#### [RECORDS FOR THE TASK]
******************************

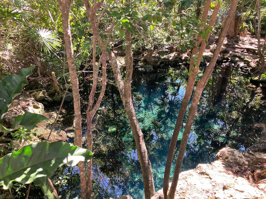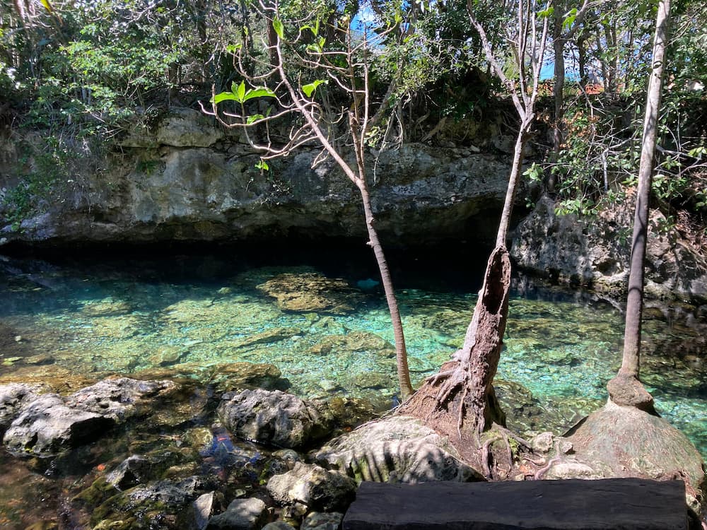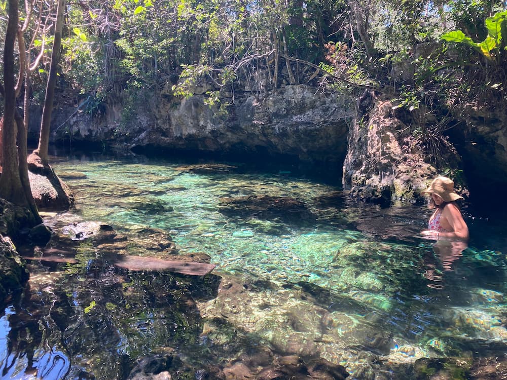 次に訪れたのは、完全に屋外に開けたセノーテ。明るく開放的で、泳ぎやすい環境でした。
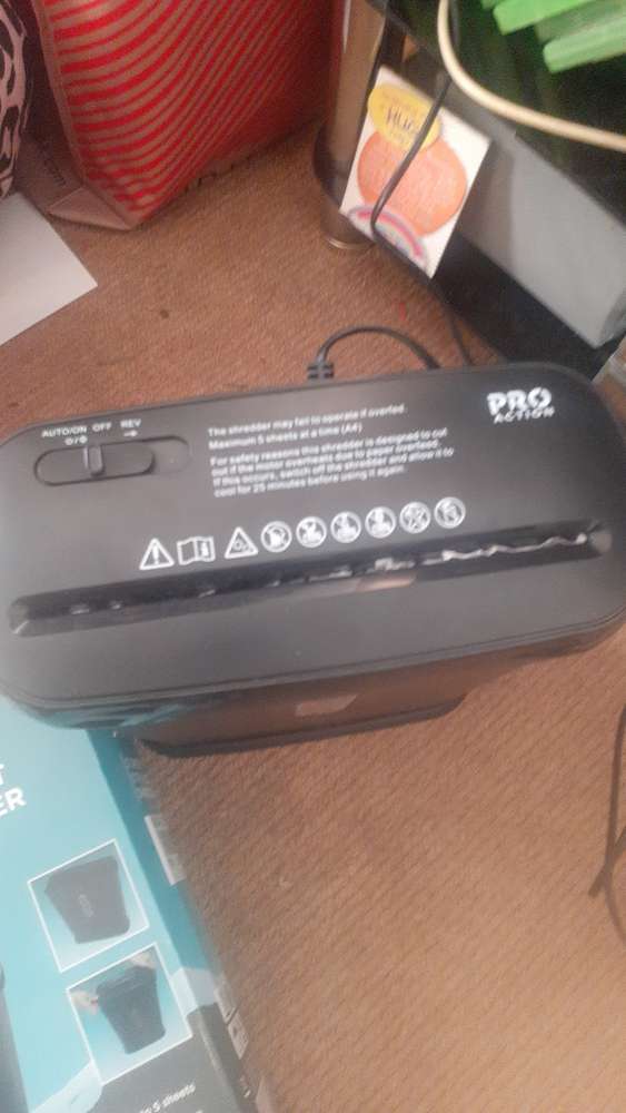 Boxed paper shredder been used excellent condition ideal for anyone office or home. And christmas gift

******************************

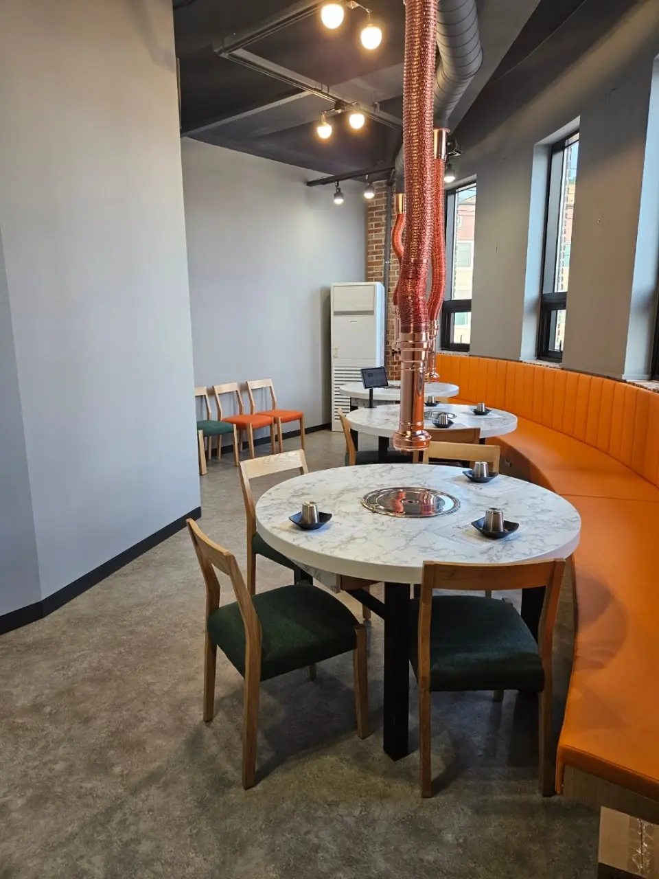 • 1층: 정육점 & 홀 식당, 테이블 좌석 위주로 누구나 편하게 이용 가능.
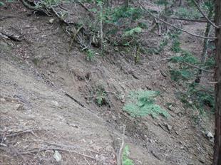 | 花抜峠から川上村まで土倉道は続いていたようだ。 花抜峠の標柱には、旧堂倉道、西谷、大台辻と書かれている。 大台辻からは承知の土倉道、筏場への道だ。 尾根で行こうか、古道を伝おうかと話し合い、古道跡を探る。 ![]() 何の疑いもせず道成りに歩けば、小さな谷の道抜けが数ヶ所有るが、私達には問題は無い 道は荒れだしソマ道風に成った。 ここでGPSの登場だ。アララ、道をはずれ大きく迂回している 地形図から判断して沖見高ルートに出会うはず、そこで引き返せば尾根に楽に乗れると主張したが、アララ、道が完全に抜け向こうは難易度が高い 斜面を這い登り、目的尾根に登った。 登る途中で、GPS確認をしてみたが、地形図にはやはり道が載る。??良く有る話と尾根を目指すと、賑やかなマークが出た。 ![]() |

******************************

#### [EXERCISE REQUIREMENTS]
With the pictures left out, write out exactly the lines above from the one containing "次に訪れたのは、完全に屋外に" through the one containing "Boxed paper shredder".

#### [OUTPUT FOR THIS EXERCISE]
 次に訪れたのは、完全に屋外に開けたセノーテ。明るく開放的で、泳ぎやすい環境でした。
 Boxed paper shredder been used excellent condition ideal for anyone office or home. And christmas gift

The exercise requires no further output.